**TASK OBJECTIVE:**
From the line with "Iron Weight: 21" to the line with "安琪拉与亚瑟的情侣皮肤体验卡", output every line below exactly, both ends included. Skip the pictures.

**GIVEN DATA:**
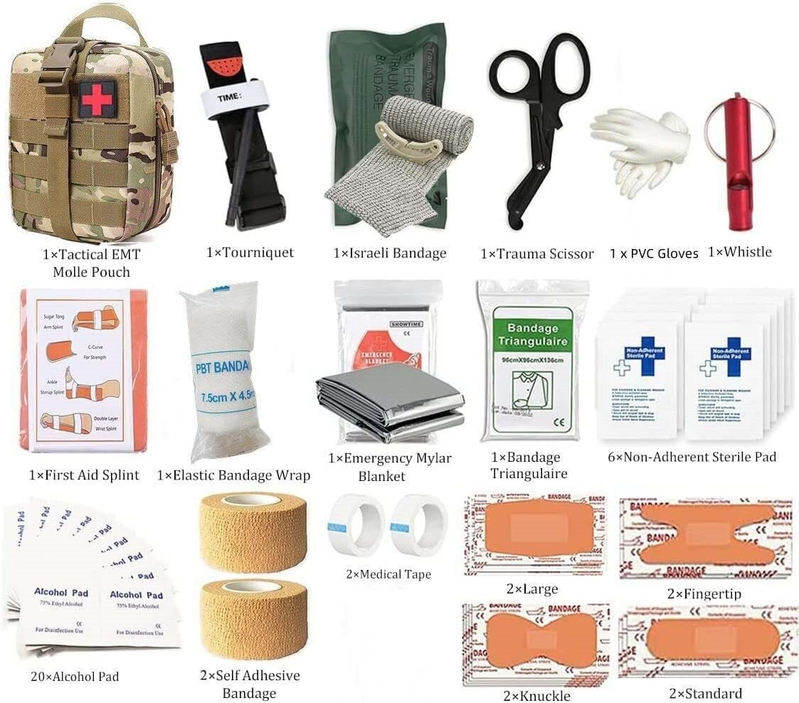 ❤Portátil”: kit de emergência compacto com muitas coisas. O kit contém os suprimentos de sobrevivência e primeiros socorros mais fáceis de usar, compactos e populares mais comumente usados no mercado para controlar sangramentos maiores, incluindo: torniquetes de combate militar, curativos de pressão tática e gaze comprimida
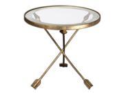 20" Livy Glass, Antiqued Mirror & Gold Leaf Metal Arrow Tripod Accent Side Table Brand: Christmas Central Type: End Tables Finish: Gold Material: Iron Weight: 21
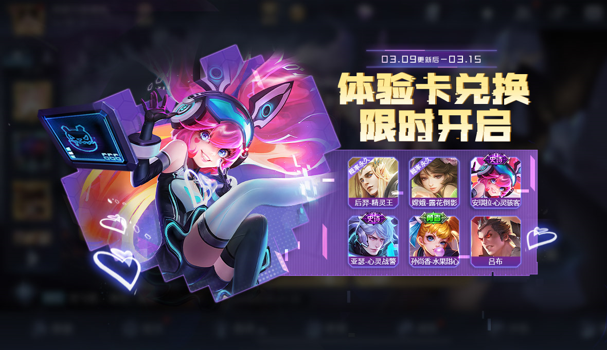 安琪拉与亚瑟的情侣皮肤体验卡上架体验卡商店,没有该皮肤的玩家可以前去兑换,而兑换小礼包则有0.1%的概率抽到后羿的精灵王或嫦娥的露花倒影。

...

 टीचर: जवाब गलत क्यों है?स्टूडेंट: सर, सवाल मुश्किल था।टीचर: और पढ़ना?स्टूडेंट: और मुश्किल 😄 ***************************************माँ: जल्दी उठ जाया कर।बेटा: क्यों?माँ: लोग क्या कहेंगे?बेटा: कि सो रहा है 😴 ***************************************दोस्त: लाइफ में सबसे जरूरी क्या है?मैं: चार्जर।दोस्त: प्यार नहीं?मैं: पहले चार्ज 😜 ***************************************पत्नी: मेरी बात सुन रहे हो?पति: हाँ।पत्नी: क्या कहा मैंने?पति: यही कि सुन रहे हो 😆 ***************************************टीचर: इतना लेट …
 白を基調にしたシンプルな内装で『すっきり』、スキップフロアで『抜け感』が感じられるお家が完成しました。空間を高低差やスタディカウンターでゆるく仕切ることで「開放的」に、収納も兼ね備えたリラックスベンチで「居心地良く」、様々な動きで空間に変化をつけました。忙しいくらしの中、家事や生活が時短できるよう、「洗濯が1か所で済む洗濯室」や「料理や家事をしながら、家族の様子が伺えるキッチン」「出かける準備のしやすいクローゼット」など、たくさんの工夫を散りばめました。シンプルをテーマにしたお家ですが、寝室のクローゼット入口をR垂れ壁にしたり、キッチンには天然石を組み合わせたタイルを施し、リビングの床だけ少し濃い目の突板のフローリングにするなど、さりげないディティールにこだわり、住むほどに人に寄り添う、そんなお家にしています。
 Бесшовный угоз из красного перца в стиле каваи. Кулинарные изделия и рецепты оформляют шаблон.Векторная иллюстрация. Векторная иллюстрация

* * *

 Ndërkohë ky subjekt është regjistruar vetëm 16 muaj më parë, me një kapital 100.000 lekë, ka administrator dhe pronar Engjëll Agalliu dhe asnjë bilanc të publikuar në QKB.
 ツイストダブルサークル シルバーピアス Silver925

**RESPONSE TO THIS EXERCISE:**
 20" Livy Glass, Antiqued Mirror & Gold Leaf Metal Arrow Tripod Accent Side Table Brand: Christmas Central Type: End Tables Finish: Gold Material: Iron Weight: 21
 安琪拉与亚瑟的情侣皮肤体验卡上架体验卡商店,没有该皮肤的玩家可以前去兑换,而兑换小礼包则有0.1%的概率抽到后羿的精灵王或嫦娥的露花倒影。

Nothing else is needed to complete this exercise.